Records for processing
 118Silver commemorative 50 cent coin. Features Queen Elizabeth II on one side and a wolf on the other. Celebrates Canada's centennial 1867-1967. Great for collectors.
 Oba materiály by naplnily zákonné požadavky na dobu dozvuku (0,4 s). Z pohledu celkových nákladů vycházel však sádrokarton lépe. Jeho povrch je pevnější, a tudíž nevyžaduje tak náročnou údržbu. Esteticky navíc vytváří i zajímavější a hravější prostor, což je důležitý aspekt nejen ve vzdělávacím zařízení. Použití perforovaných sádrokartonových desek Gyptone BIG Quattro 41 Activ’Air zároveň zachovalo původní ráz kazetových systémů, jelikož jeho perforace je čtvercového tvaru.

==

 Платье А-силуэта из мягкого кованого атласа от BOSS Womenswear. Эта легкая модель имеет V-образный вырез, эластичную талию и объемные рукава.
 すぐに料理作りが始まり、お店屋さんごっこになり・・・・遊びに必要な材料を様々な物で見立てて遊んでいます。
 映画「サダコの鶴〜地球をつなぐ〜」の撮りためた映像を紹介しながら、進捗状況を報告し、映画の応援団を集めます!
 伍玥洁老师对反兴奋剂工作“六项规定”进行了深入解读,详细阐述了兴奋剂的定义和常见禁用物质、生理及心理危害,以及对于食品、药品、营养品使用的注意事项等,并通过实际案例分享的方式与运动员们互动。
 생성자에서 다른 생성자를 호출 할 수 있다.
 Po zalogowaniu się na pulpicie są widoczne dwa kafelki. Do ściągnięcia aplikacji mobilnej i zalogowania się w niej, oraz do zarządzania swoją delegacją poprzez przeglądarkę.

Aim of the exercise
Transcribe the records above exactly, beginning at the line that contains "118Silver commemorative 50" and ending with the line that contains "Oba materiály by", both included, and nothing else.

The answer
 118Silver commemorative 50 cent coin. Features Queen Elizabeth II on one side and a wolf on the other. Celebrates Canada's centennial 1867-1967. Great for collectors.
 Oba materiály by naplnily zákonné požadavky na dobu dozvuku (0,4 s). Z pohledu celkových nákladů vycházel však sádrokarton lépe. Jeho povrch je pevnější, a tudíž nevyžaduje tak náročnou údržbu. Esteticky navíc vytváří i zajímavější a hravější prostor, což je důležitý aspekt nejen ve vzdělávacím zařízení. Použití perforovaných sádrokartonových desek Gyptone BIG Quattro 41 Activ’Air zároveň zachovalo původní ráz kazetových systémů, jelikož jeho perforace je čtvercového tvaru.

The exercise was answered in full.